Il Pretore ha considerato
nel caso concreto, oltre ai redditi dei coniugi, anche i redditi delle figlie
__________, apprendista (fr. 445.– mensili fino al 31 luglio 1997 e fr. 575.–
dal 1° settembre 1997) e __________, studente con reddito accessorio (fr.
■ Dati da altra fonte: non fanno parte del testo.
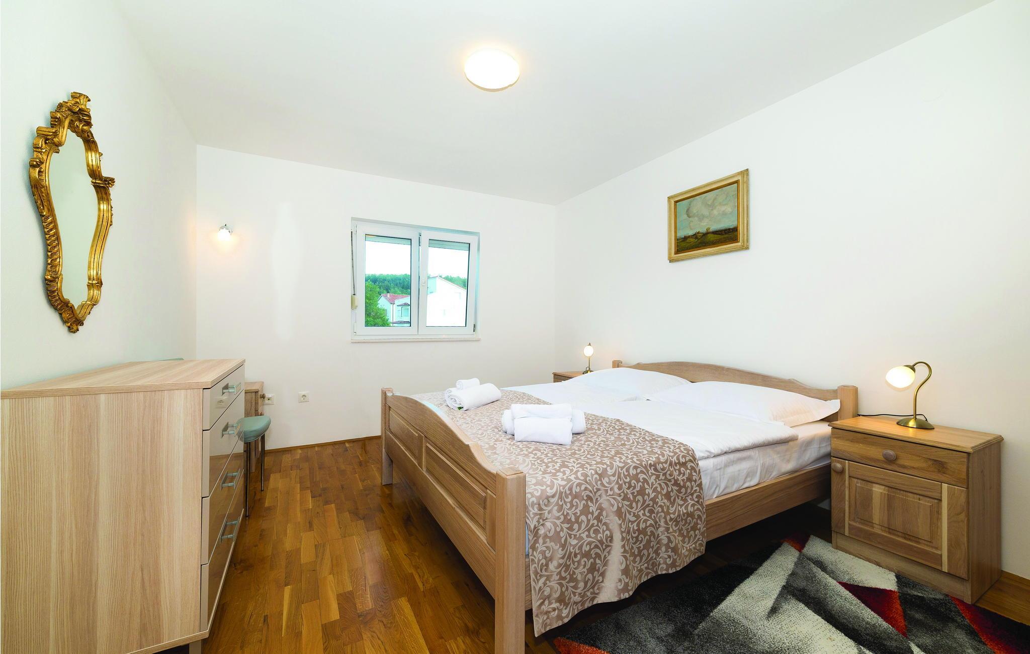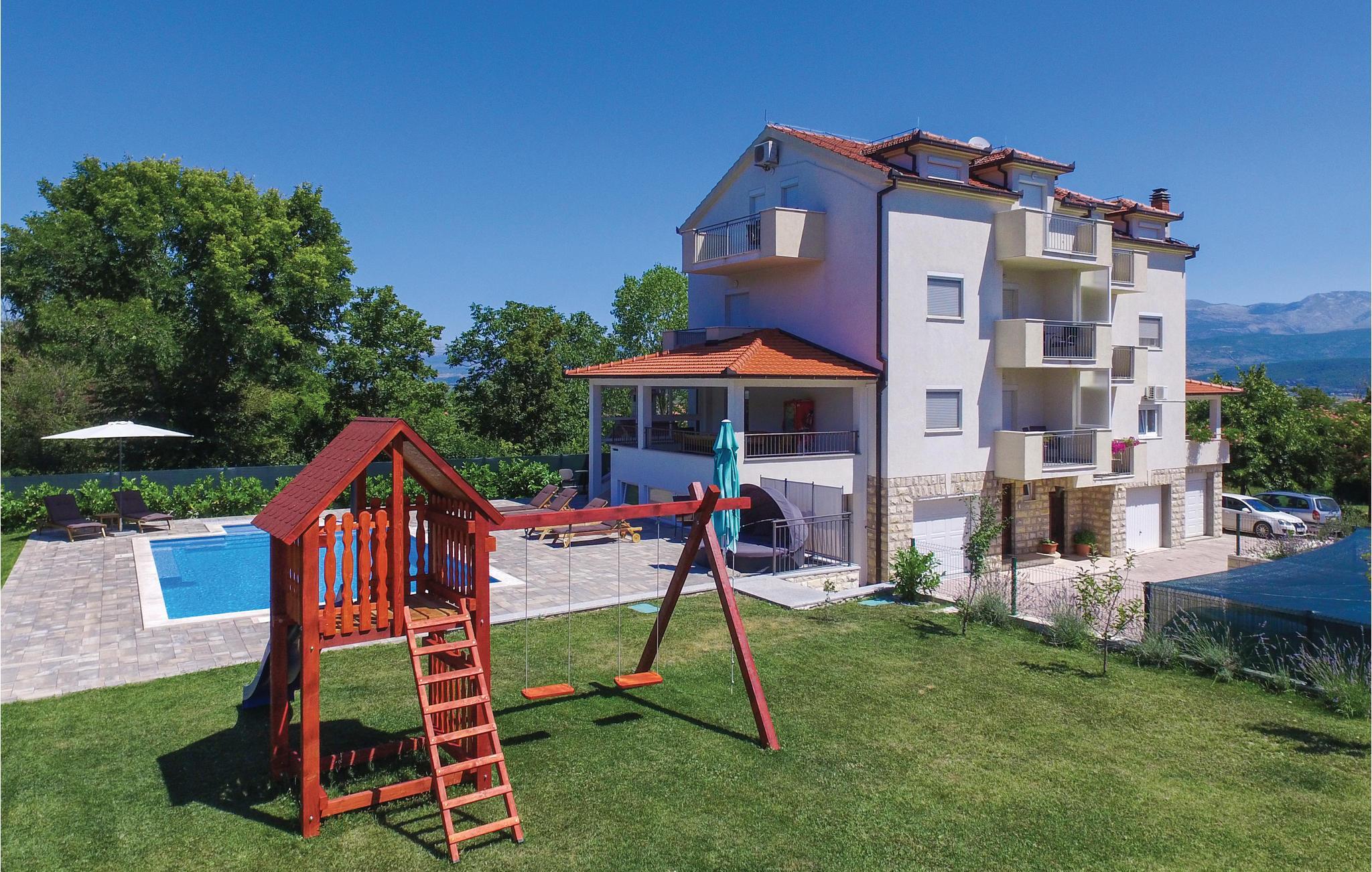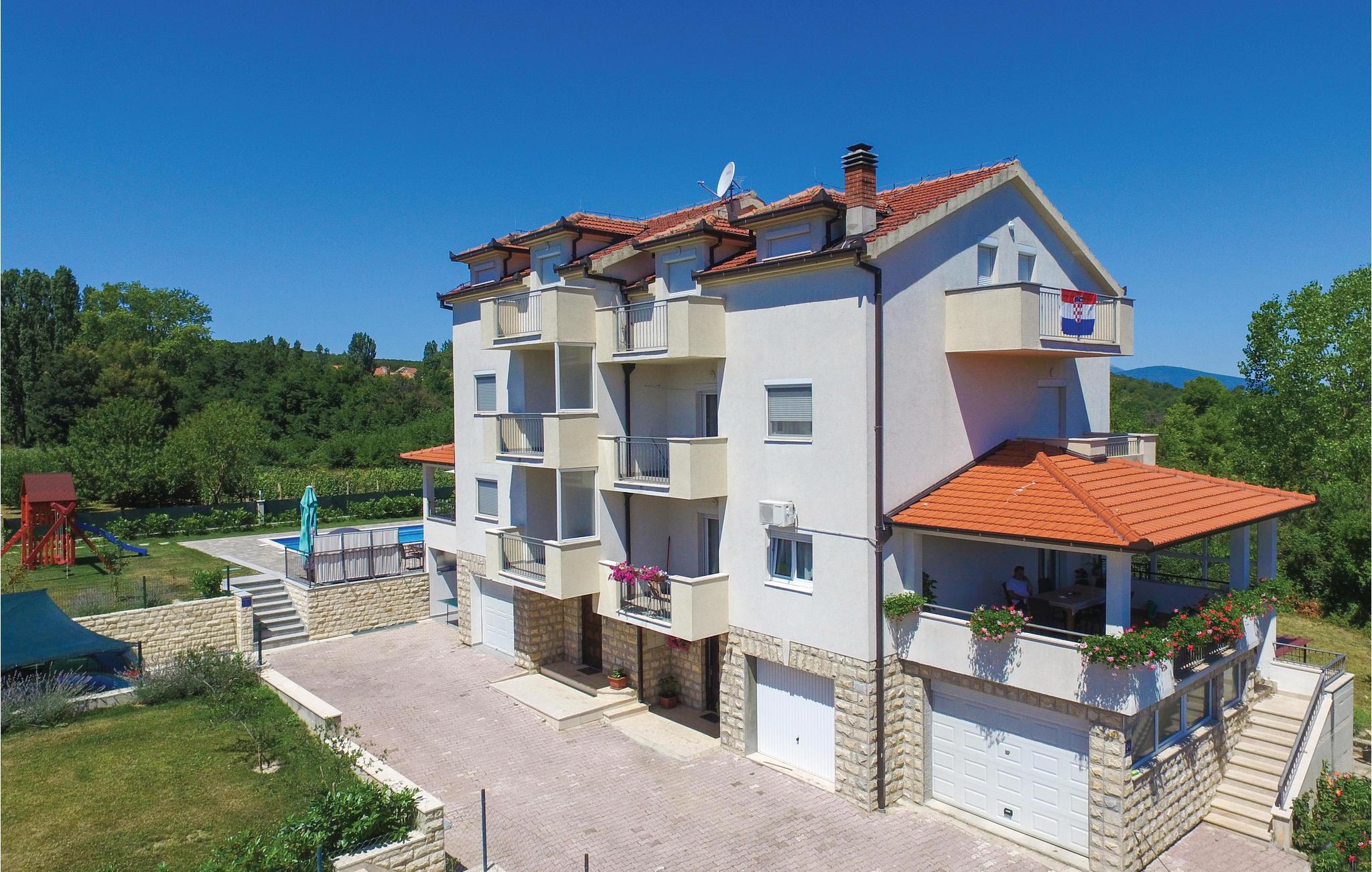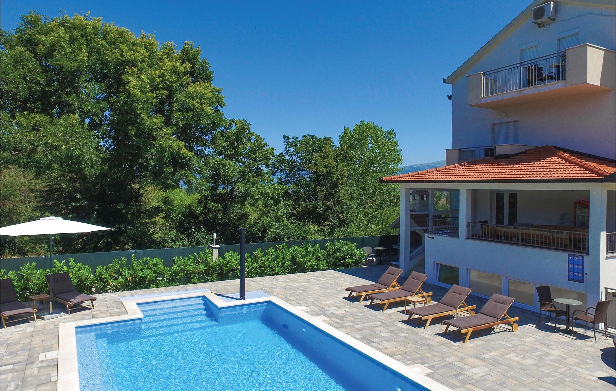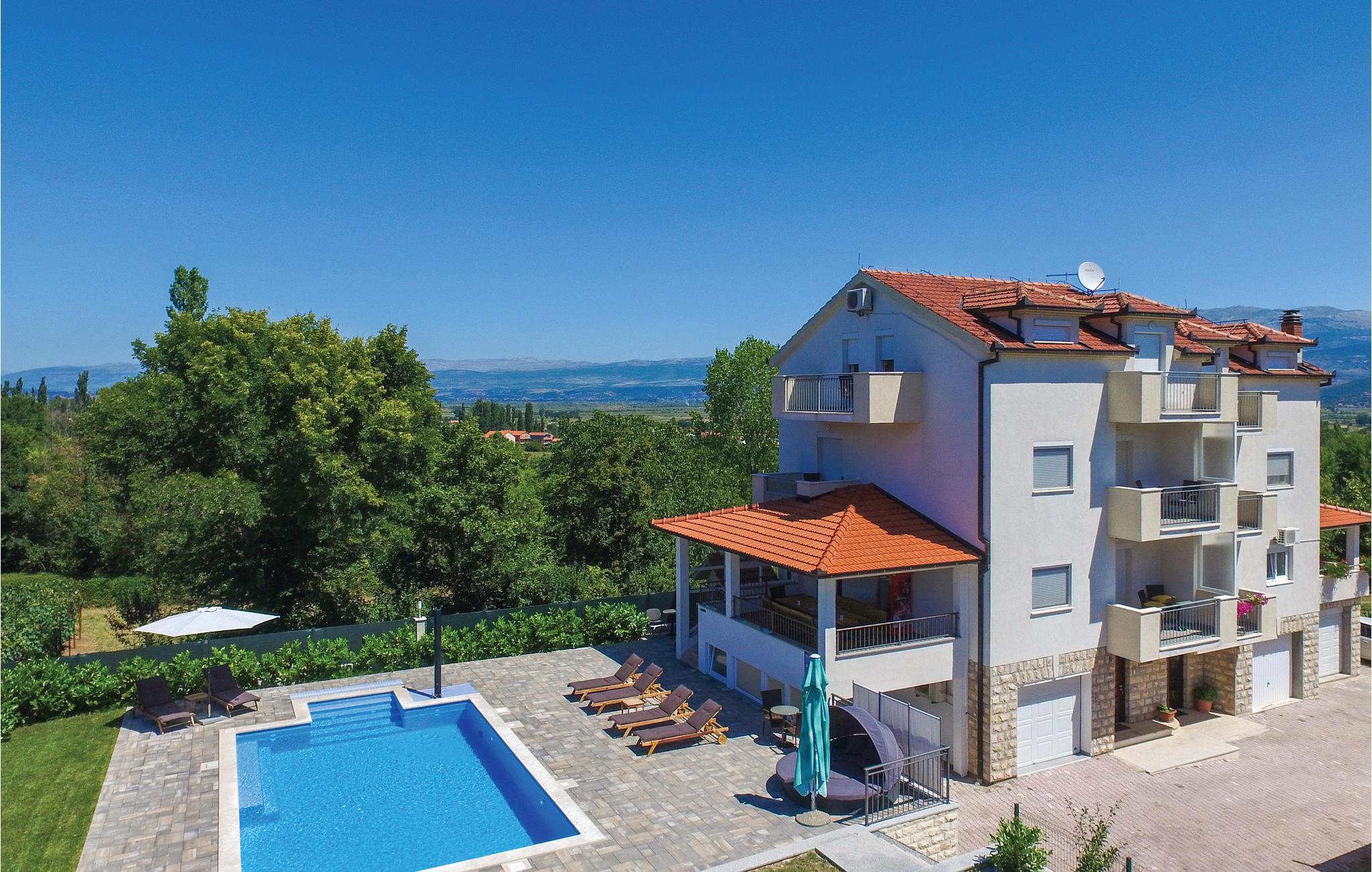 Denne attraktive halvdel af et dobbelthus med privat pool, ligger i Regionen Sinj i en rolig bydel i den lille by Trilj. Huset er delt op i to lejligheder. På første sal ligger stue, på anden sal er der tre soveværelser. På øverste etage er det åbne køkken og et soveværelse. Etagerne er forbundet med en indendørstrappe. I den indhegnede have ligger swimmingpoolen med et integreret spabad til fire personer. og her er også en grill og en volleyballbane på sand. I den anden del af huset bor ejeren med sin familie. Der er plads til at parkere en bil i garage og fire biler under åben himmel på grunden. Det tager en halv time i bil at køre til de interessante byer Split, Trogir, Šibenik og Makarska. Det er muligt at tage med på rafting- og rideudflugter mod betaling.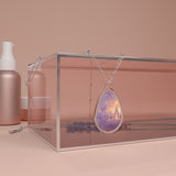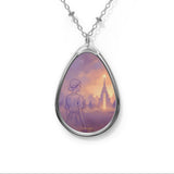 • Ce pendentif représente une silhouette féminine s'éloignant vers un édifice illuminé dans une douce brume matinale ou vespérale.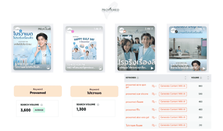 แบรนด์ Provamed มีผลิตภัณฑ์ดูแลเรื่องผิว ทั้งครีมกันแดด ดูแลสิว รอยแผลเป็น ฝ้า กระ และมีคุณกลัฟ คณาวุฒิ เป็นพรีเซนเตอร์กลุ่มผลิตภัณฑ์ดูแลสิว ผ่าน Key Message โปรวาเมด โปรจริงเรื่องสิว ซึ่งการสื่อสารไม่ได้เน้น Product Benefit มากนัก แต่เน้นการใช้ภาพ Presenter ทำให้ส่วนใหญ่ผู้ใช้งานไม่ได้กล่าวถึงตัวผลิตภัณฑ์ แต่เป็นการแสดงความชื่นชอบ Presenter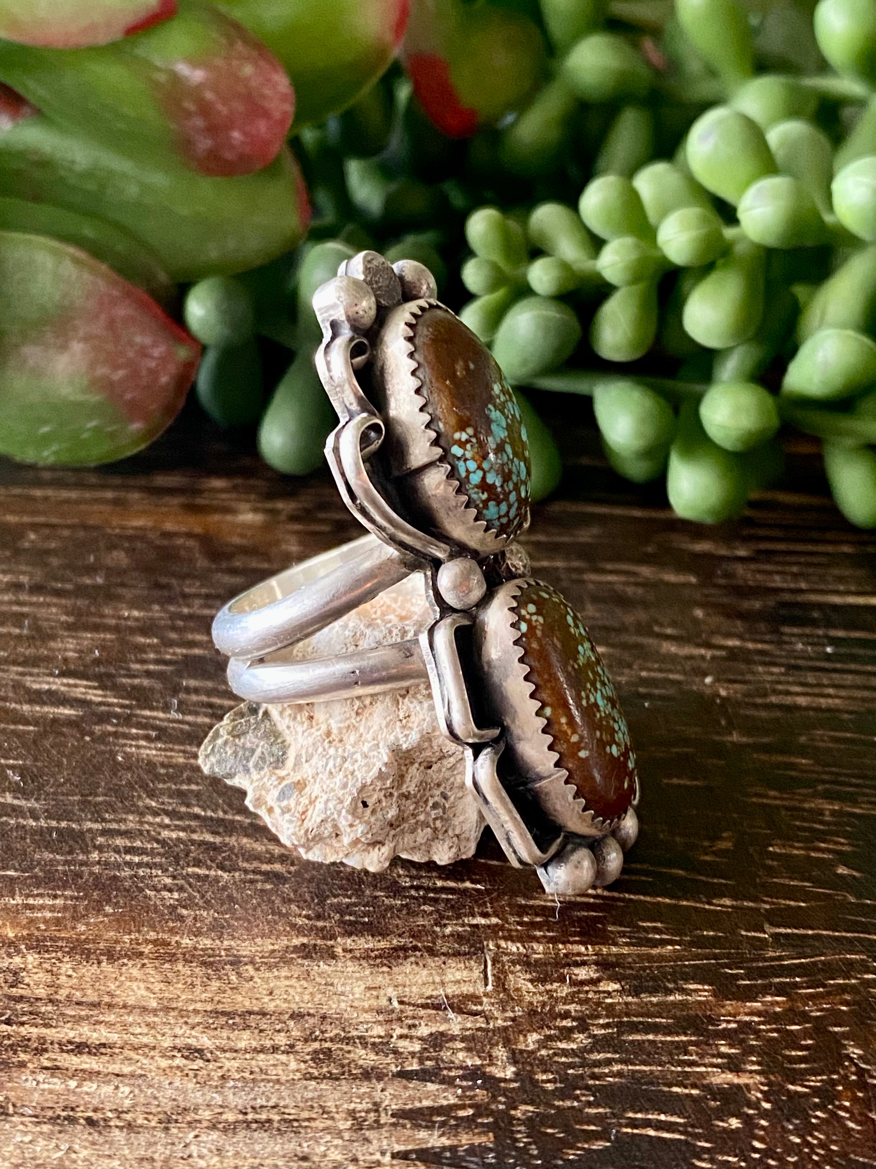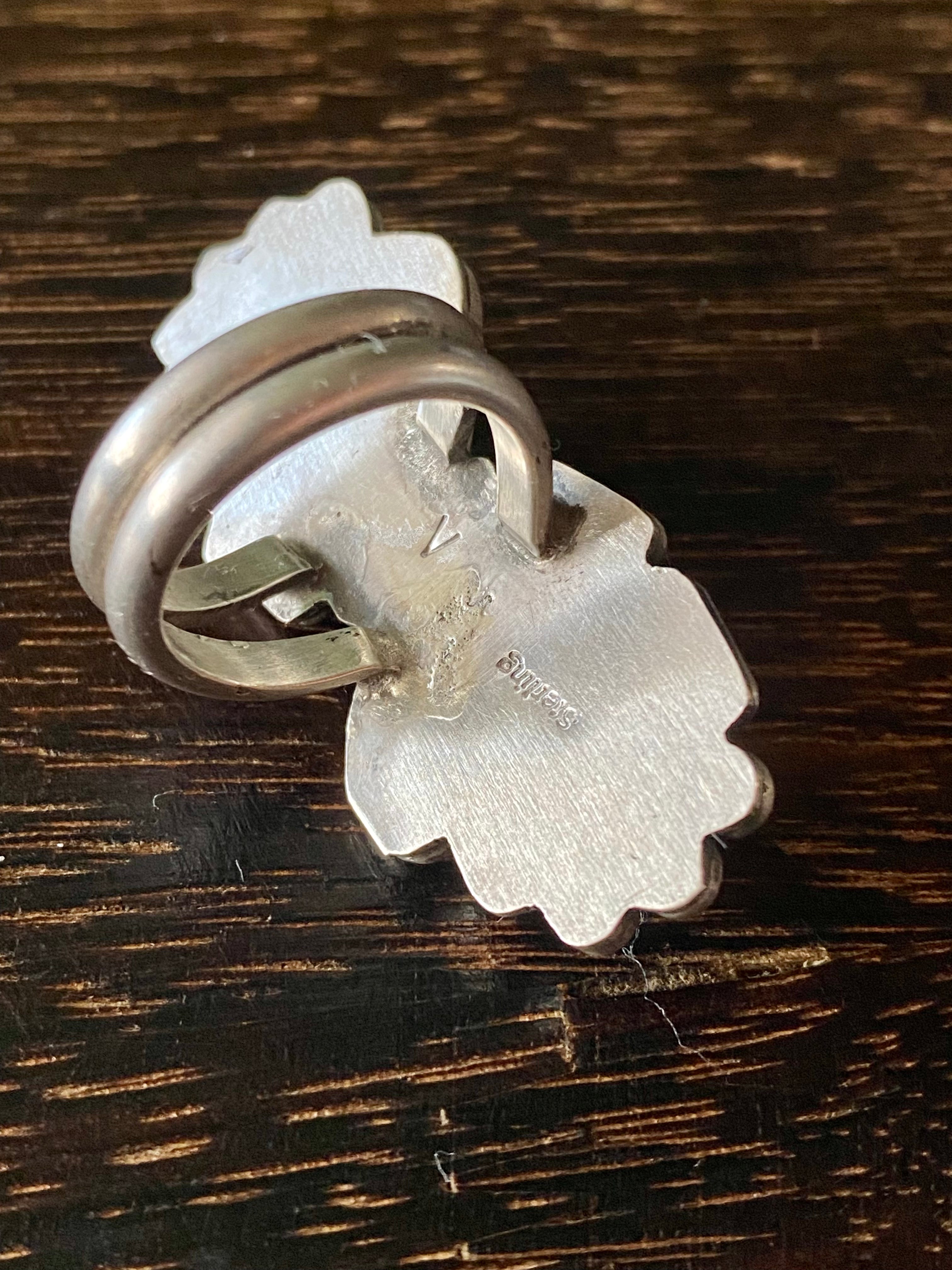 Virginia Hinio #8 Turquoise & Sterling Silver Ring Size 6.75. It measures 1 7/8 inches long and 7/8 of an inch wide. Signed by the artist and stamped sterling silver.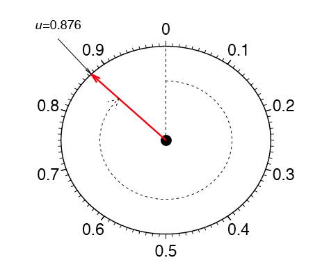 As an example, consider data measured from a physical device such as the spinner depicted in Figure 1. The red arrow is spun around the center, and when the arrow stops spinning, the number between 0 and 1 is recorded. Can we determine if the spinner is fair?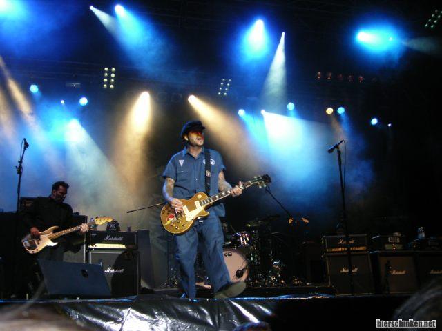 So, der Grund, weshalb wir hier sind: Das ist Mike Ness in sehr fescher ähm, Uniform. Kaum ham die das erste Lied (Riiich for se Skai) gespielt, wurd mein Brustkorb schon sehr arg von sehr großen und breiten Rockabillies zusammengedrückt, aua.

100.–). __________ era tuttavia maggiorenne già prima dell’introduzione della
procedura di divorzio e __________ lo è diventata il __________ __________
1997, in pendenza di causa. Il Pretore non ne ha fatto cenno e ha proceduto ai
calcoli delle eccedenze singole dei coniugi, considerando come minorenni le due
ragazze anche dal punto di vista del fabbisogno. Il calcolo delle eccedenze
risulta quindi ben diverso da quello indicato nel decreto impugnato, perché ai
fini dell’art. 145 cpv. 2 CC va considerata solo la famiglia composta dei
coniugi e dei figli minorenni.
- In sintesi il quadro
economico della famiglia si presenta quindi come segue:
Periodo
fino al 31 agosto 1997 (solo __________ maggiorenne):
reddito
del marito fr. 5630.— mensili
reddito
della figlia __________ fr. 445.— mensili
reddito
della moglie fr. 1732.— mensili
fr.
7807.— mensili
fabbisogno
minimo del marito fr. 2848.— mensili
fabbisogno
minimo della moglie fr. 2215.— mensili
fabbisogno
in denaro della figlia __________ fr. 975.— mensili
fabbisogno
in denaro di __________ fr. 780.— mensili
fabbisogno
della famiglia fr. 6818.— mensili
eccedenza fr.
989.— mensili
metà
eccedenza fr. 494.50 mensili
può conservare per sé:
fr.
2848.– + fr. 494.50 = fr. 3342.50
mensili
__________ deve versare:
al
figlio __________: fr.
780.— mensili
e
alla figlia __________ fr.
530.— mensili
__________ ha diritto a:
fr.
2215.– + fr. 494.50 ./. 1732.— = fr. 977.50 mensili
Periodo
dal 1° settembre 1997 (__________e __________ maggiorenni):
reddito
del marito fr. 5630.— mensili
reddito
della moglie fr. 1732.— mensili
fr.
7362.— mensili
fabbisogno
minimo del marito fr. 2848.— mensili
fabbisogno
minimo della moglie fr. 2215.— mensili
fabbisogno
in denaro di __________ fr. 780.— mensili
fabbisogno
della famiglia fr. 5843.— mensili
eccedenza fr.
1519.— mensili
metà
eccedenza fr. 759.50 mensili
__________ può conservare per sé:
fr.
2848.— + fr. 759.50 = fr. 3607.50 mensili
Versa
al figlio __________: fr. 780.— mensili
__________ ha diritto a:
fr.
2215.— + fr. 759.50 ./. 1732.— = fr. 1242.50 mensili
-
L’appellante non
contesta di dover versare a __________ fr. 875.– e __________ fr. 530.– mensili
fino al 31 agosto 1997 e fr. 400.– dal ____________________ 1997 (data alla
quale è divenuta maggiorenne). Il mantenimento in denaro di __________ grava in
ugual misura entrambi i genitori (fr. 437.50 ciascuno). Alla madre è stato
infatti riconosciuto un contributo in denaro inferiore a quello cui avrebbe
diritto e al padre è stato imposto di versare fr. 875.– per la figlia, ma in
contropartita versa alla moglie un contributo inferiore (fr. 437.50 fino al 31
agosto 1997 e fr. 702.50 dal 1° settembre 1997). Per __________ il mantenimento
in denaro secondo le raccomandazioni di Zurigo (fr. 975.–) è suddiviso tra la
giovane (fr. 445.– di reddito che le viene imputato fino al 31 luglio 1997 e fr.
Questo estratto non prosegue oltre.